The Fault in Our StarsThe Fault in Our Stars by John Green

I thought I wrote a review for this book already. Hmm.

The Fault in Our Stars is about Hazel Lancaster, who was diagnosed with stage 4 thyroid cancer at the age of 13. She underwent an experimental pharmacological treatment that shrunk her tumour. Hazel is now 16 and attending a support group for kids with cancer. Here she meets Augustus, a handsome 17-year-old who she is surprised to find is interested in her.

This is one of the best books I’ve read all year. It is a very fast read, and it was highly enjoyable. John Green’s writing is so engaging. Hazel and Gus (dialogue aside) felt like real kids, and I was eager to learn more about their world. Of course, since it’s a book about kids with cancer… just be prepared to cry. Lots.

The one quibble I have with the book is the dialogue. One example that really stood out to me was when Gus referred to basketball as throwing a spherical object through a toroidal object.
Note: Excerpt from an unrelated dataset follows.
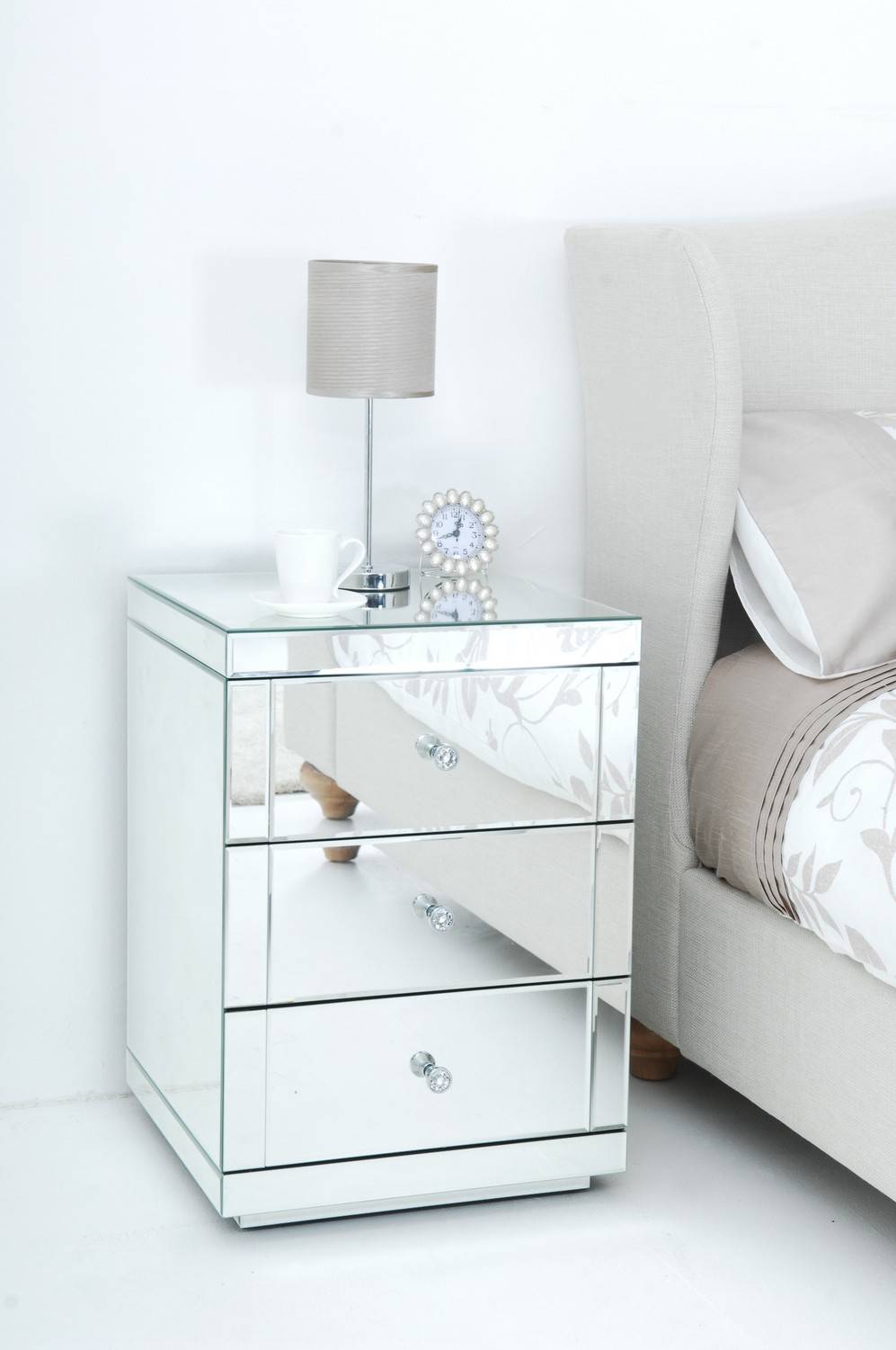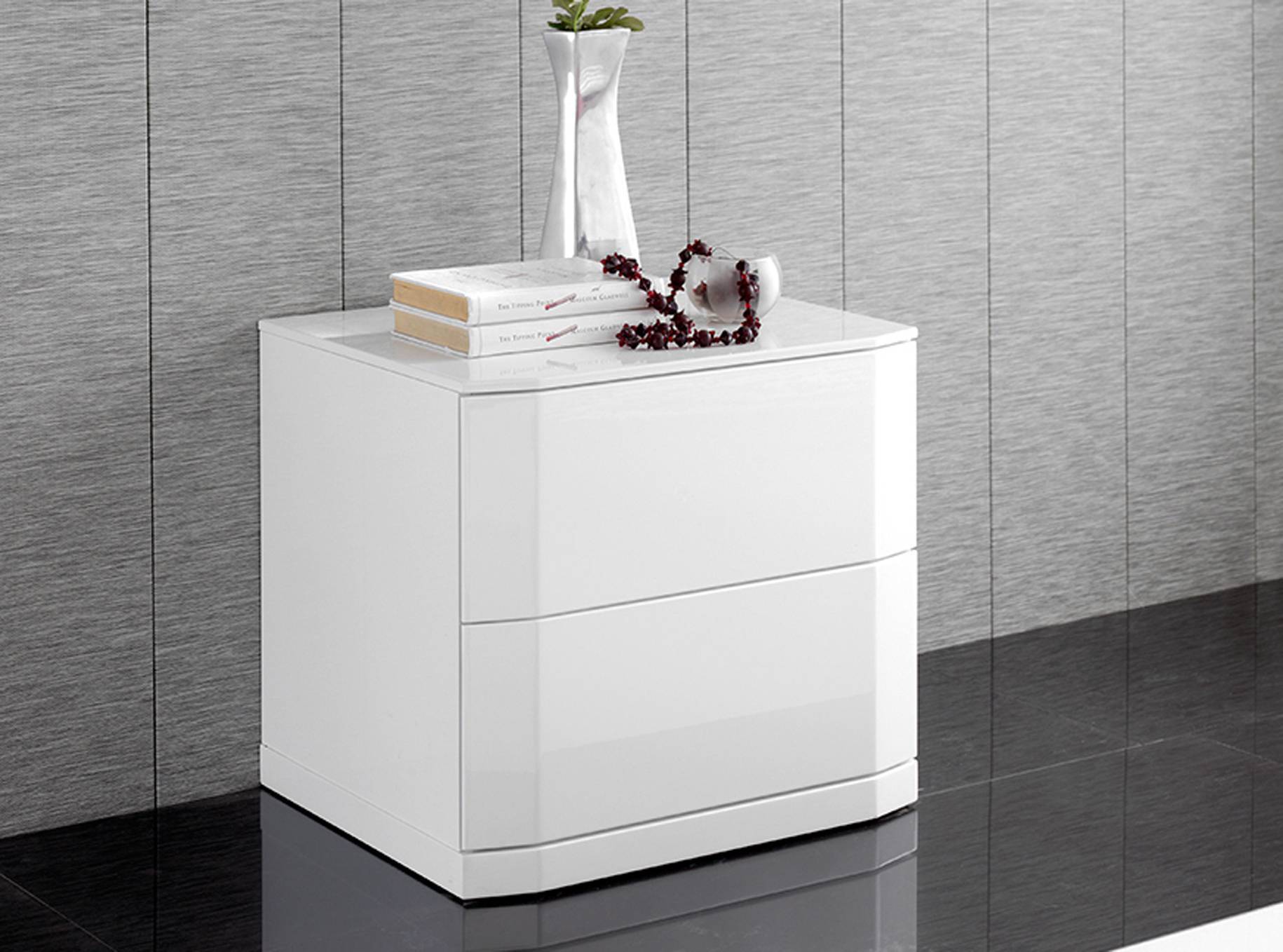 Зеркальные, стеклянные и глянцевые белые или серые тумбочки подходят практически к любым кроватям. По соседству с изголовьем, обитым тканью, отлично смотрится гладкая крашеная мебель. Композиции, построенные на объединении разных фактур, всегда наиболее эффектны.

They also use words like “univalent” and “existentially fraught”. I can’t believe that anyone would speak this way, even intelligent teenagers with terminal illnesses who are able to read all day. I’ve mentioned this somewhere else—I can’t find the link now—my nickname for this book is Juno with Cancer.

That aside, the book is fantastic. It’s a shame that every time I see it in the bookstores, it’s always in with the other YA books, when it’s suitable for readers of any age. I fear that many readers who avoid the YA section and its endless selection of dystopian trilogies will miss out on this gem. Pick it up if you have the chance.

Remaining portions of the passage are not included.